▶ _EXERCISE PROMPT_
Reproduce the listing word for word, leaving every picture behind.

▶ _COLLECTED DATA_
BEGIN
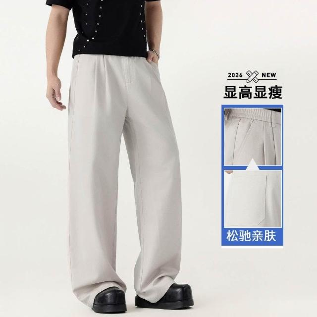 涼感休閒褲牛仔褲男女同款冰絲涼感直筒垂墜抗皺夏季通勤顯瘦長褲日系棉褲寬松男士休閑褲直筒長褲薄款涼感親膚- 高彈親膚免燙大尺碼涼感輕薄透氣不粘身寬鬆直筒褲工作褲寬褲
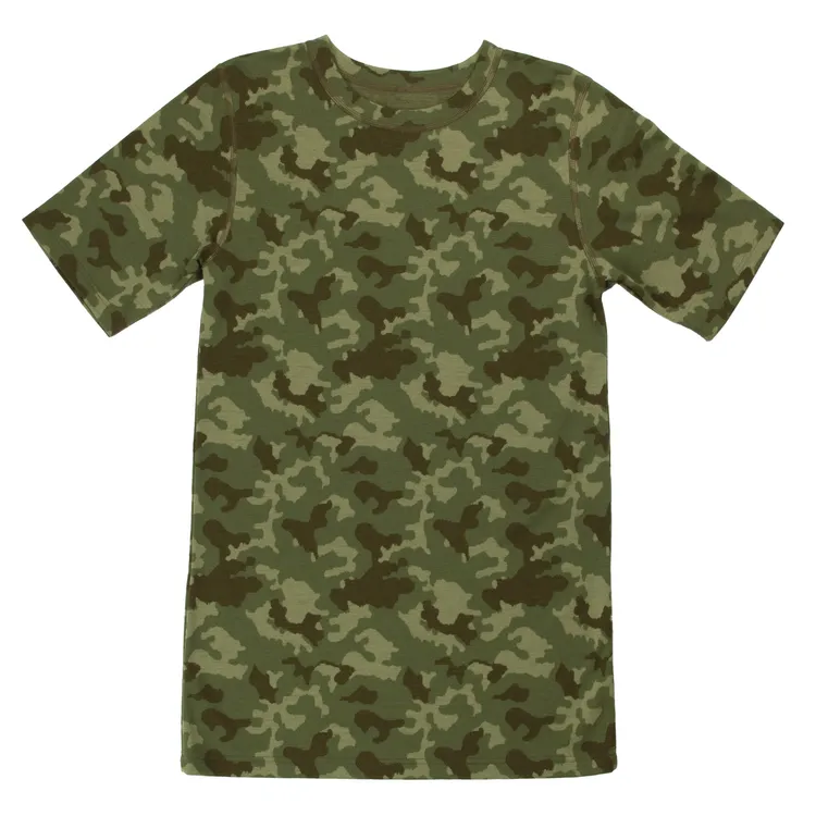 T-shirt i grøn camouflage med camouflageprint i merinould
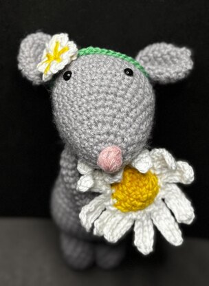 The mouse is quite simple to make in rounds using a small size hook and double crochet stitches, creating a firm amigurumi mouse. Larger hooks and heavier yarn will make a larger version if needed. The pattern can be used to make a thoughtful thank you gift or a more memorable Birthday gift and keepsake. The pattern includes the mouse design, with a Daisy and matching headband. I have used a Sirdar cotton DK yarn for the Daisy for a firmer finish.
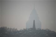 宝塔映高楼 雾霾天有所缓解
END
▶ _ANSWER SPACE_
 涼感休閒褲牛仔褲男女同款冰絲涼感直筒垂墜抗皺夏季通勤顯瘦長褲日系棉褲寬松男士休閑褲直筒長褲薄款涼感親膚- 高彈親膚免燙大尺碼涼感輕薄透氣不粘身寬鬆直筒褲工作褲寬褲
 T-shirt i grøn camouflage med camouflageprint i merinould
 The mouse is quite simple to make in rounds using a small size hook and double crochet stitches, creating a firm amigurumi mouse. Larger hooks and heavier yarn will make a larger version if needed. The pattern can be used to make a thoughtful thank you gift or a more memorable Birthday gift and keepsake. The pattern includes the mouse design, with a Daisy and matching headband. I have used a Sirdar cotton DK yarn for the Daisy for a firmer finish.
 宝塔映高楼 雾霾天有所缓解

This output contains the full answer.